#### Input data

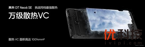 强大的散热是释放极致性能的基础。真我GT Neo6 SE为第三代骁龙7+配备同档超规格的万级散热VC,面积达到10014mm²。万级散热VC采用电竞旗舰级的双层立体结构,能提供更大的散热空间,极限散热能力更为出色。同时,为了保持低温手感,真我GT Neo6 SE全面优化了机身的导热材质和路线,搭载全新的中框冰封结构,手机侧边温升至高可降低2℃,握持体验更舒适。
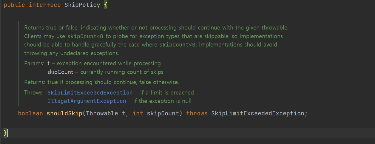 SkipPolicy 인터페이스는 shouldSkip 메서드를 가진다. 이 메서드는 boolean 값을 가지는데, 현재 Exception에 대해서 skipcount를 넘겨주고 skip 가능한지를 True / False로 판단해서 넘겨주는 식으로 동작한다. 따라서 사용자가 구현할 때는 위의 내용을 참고해서 구현하면 된다.
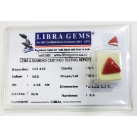 REPORT.NO.LCI 428CLARITY.N/ACOLOUR.REDSHAPE/CUT.TRIANGLEWT.3.46 CTSDIMENSION.1.1-10.5-4.7R.INDEX.N/AHARDNESS.3.5COMMENT.CORAL..
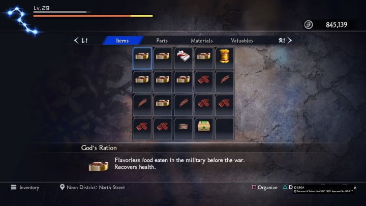 Inventory management is also an integral part of the game where you manage your items from consumables to equipment. Consumables will replenish your health, some will grant you extra star points for burst mode, more orbs, and other bonus attributes. Equipment is what you need to increase your main stats. I mean you can be badass all you want pulling sick moves with ridiculous health bars, but you take every help you can to better yourself with higher stats.
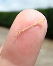 Splinters commonly consist of wood, but there are many other types, for example, other common types of splinters are, hair, glass, plastic, metal, and spines of animals.[2]
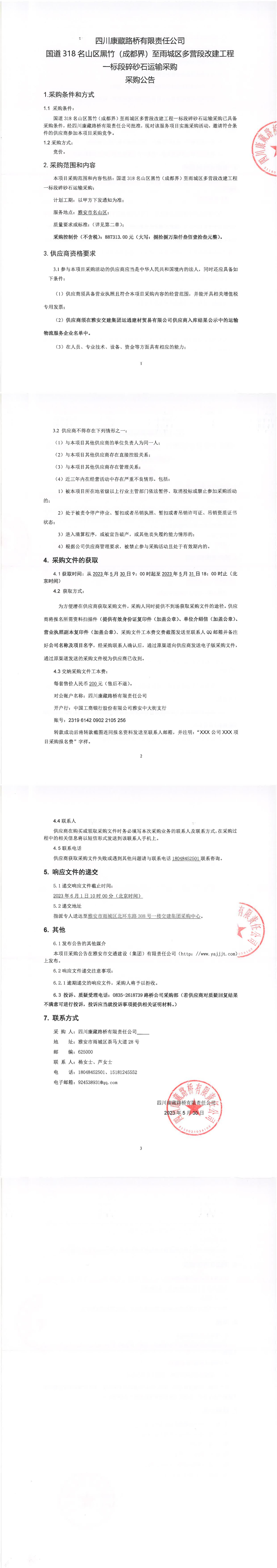 四川康藏路橋有限責任公司國道318名山區(qū)黑竹(成都界)至雨城區(qū)多營段改建工程一標段碎砂石運輸采購公告
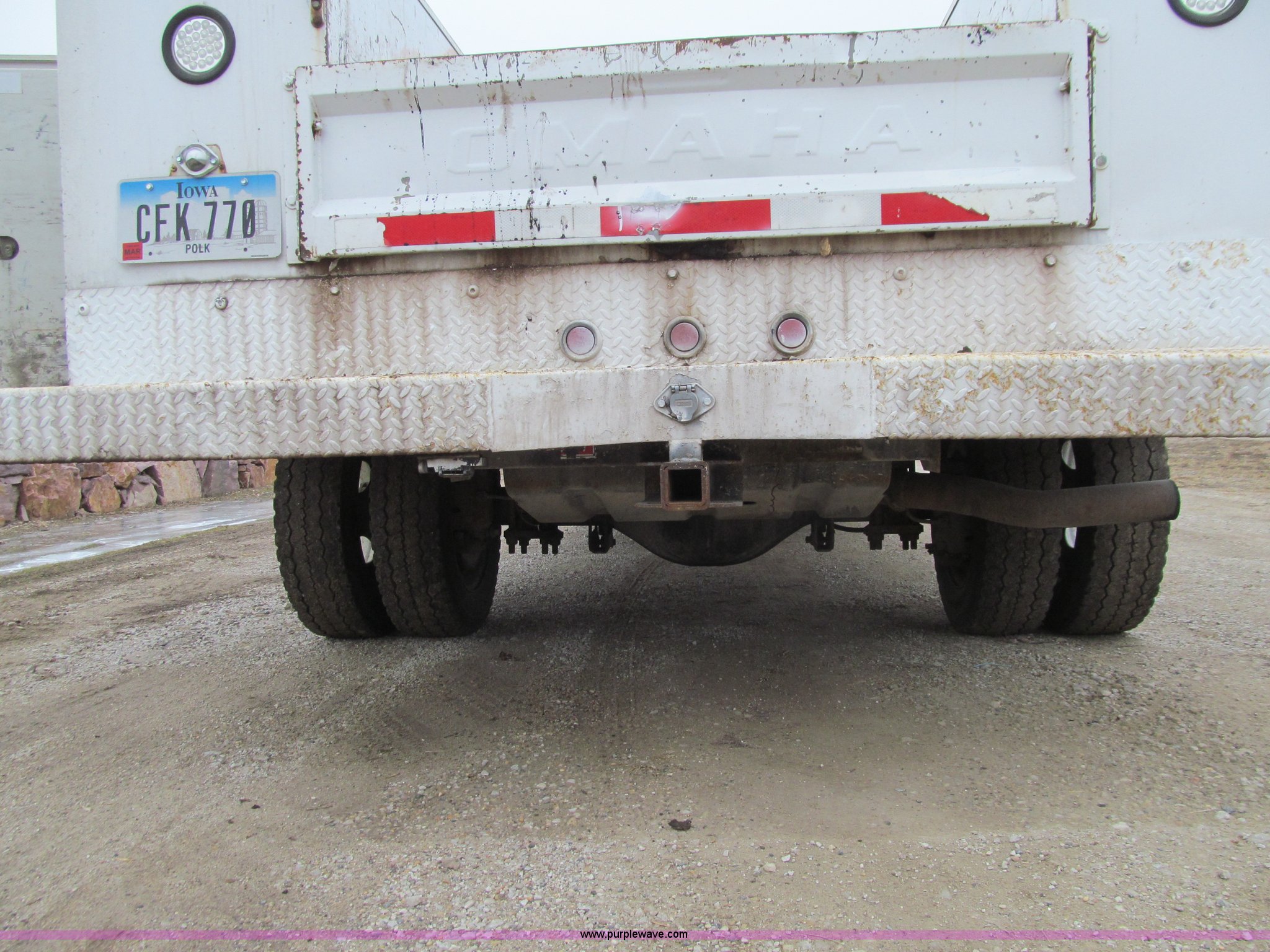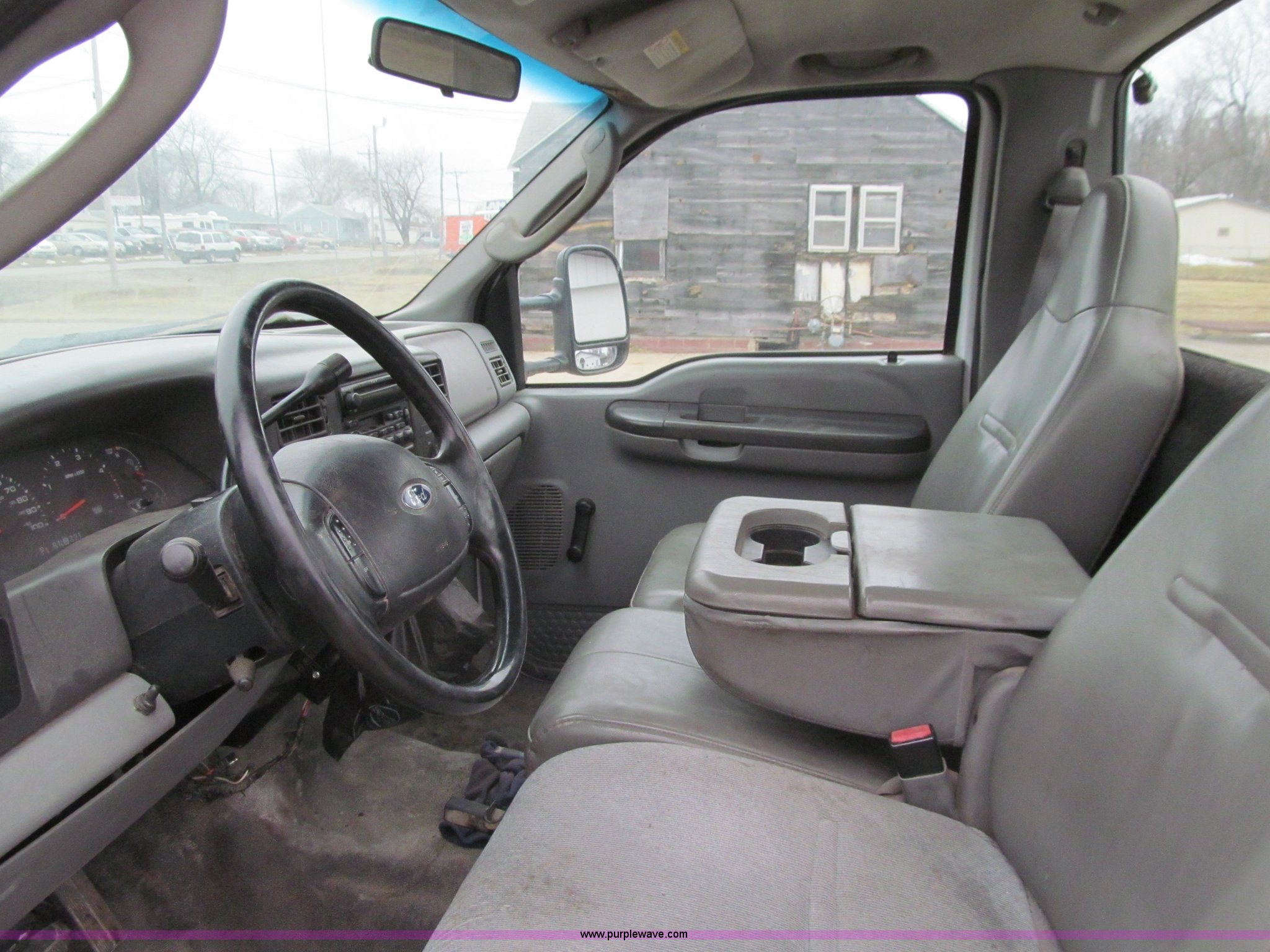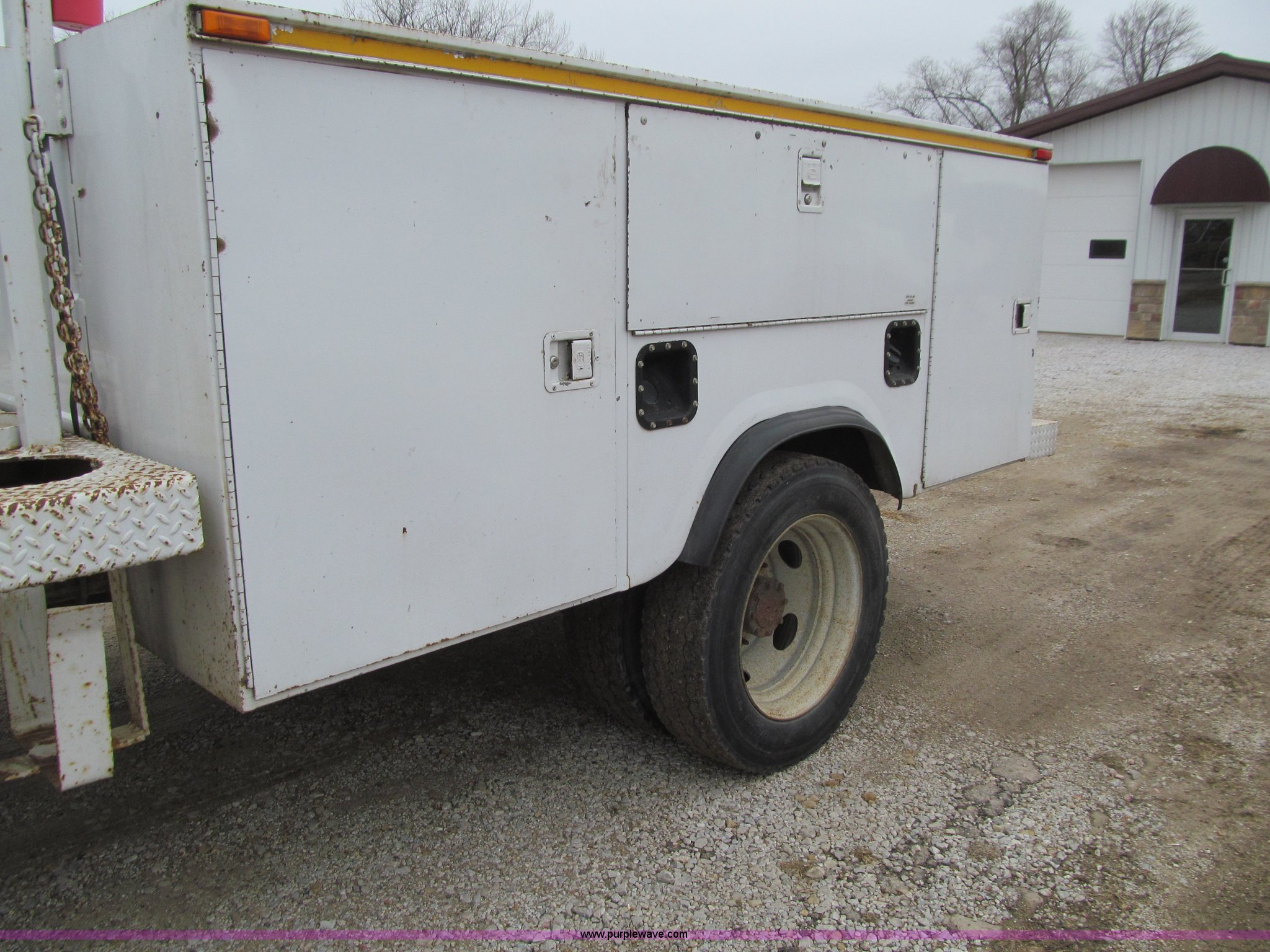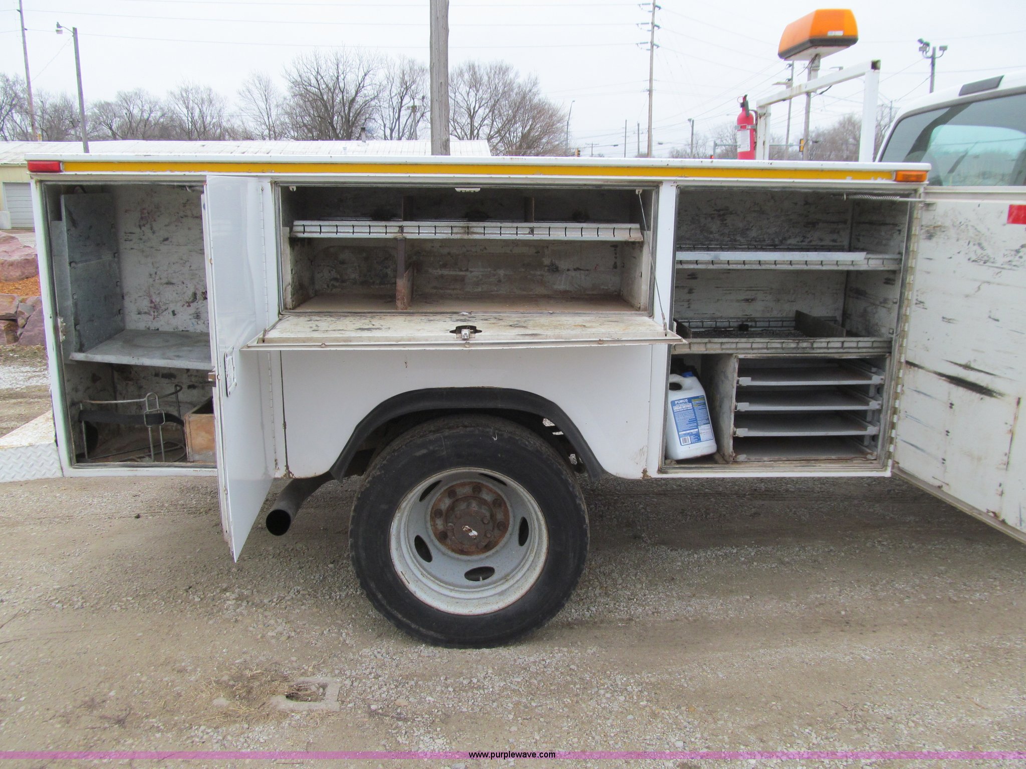 Purple Wave is selling a used Service Truck in Iowa. This item is a 2004 Ford F550 Super Duty XL utility truck with the following: 248,437 miles on odometer, 6.0L V8 OHV 32V turbo diesel engine, Automatic transmission, AC and heat, Tilt, Cruise, AM/FM/CD/cassette, Manual windows and locks, Vinyl interior, Omaha 9'L utility bed, Three compartments per side, Tailgate, Amber beacon light, Receiver hitch, Trailer wiring, 225/70R19.5 tires, GVWR 19,000 lbs, Driver's door will only open from the interior, Front bumper damaged

#### Task statement
Once the pictures are dropped, repeat the data above exactly.

#### Your solution
 强大的散热是释放极致性能的基础。真我GT Neo6 SE为第三代骁龙7+配备同档超规格的万级散热VC,面积达到10014mm²。万级散热VC采用电竞旗舰级的双层立体结构,能提供更大的散热空间,极限散热能力更为出色。同时,为了保持低温手感,真我GT Neo6 SE全面优化了机身的导热材质和路线,搭载全新的中框冰封结构,手机侧边温升至高可降低2℃,握持体验更舒适。
 SkipPolicy 인터페이스는 shouldSkip 메서드를 가진다. 이 메서드는 boolean 값을 가지는데, 현재 Exception에 대해서 skipcount를 넘겨주고 skip 가능한지를 True / False로 판단해서 넘겨주는 식으로 동작한다. 따라서 사용자가 구현할 때는 위의 내용을 참고해서 구현하면 된다.
 REPORT.NO.LCI 428CLARITY.N/ACOLOUR.REDSHAPE/CUT.TRIANGLEWT.3.46 CTSDIMENSION.1.1-10.5-4.7R.INDEX.N/AHARDNESS.3.5COMMENT.CORAL..
 Inventory management is also an integral part of the game where you manage your items from consumables to equipment. Consumables will replenish your health, some will grant you extra star points for burst mode, more orbs, and other bonus attributes. Equipment is what you need to increase your main stats. I mean you can be badass all you want pulling sick moves with ridiculous health bars, but you take every help you can to better yourself with higher stats.
 Splinters commonly consist of wood, but there are many other types, for example, other common types of splinters are, hair, glass, plastic, metal, and spines of animals.[2]
 四川康藏路橋有限責任公司國道318名山區(qū)黑竹(成都界)至雨城區(qū)多營段改建工程一標段碎砂石運輸采購公告
 Purple Wave is selling a used Service Truck in Iowa. This item is a 2004 Ford F550 Super Duty XL utility truck with the following: 248,437 miles on odometer, 6.0L V8 OHV 32V turbo diesel engine, Automatic transmission, AC and heat, Tilt, Cruise, AM/FM/CD/cassette, Manual windows and locks, Vinyl interior, Omaha 9'L utility bed, Three compartments per side, Tailgate, Amber beacon light, Receiver hitch, Trailer wiring, 225/70R19.5 tires, GVWR 19,000 lbs, Driver's door will only open from the interior, Front bumper damaged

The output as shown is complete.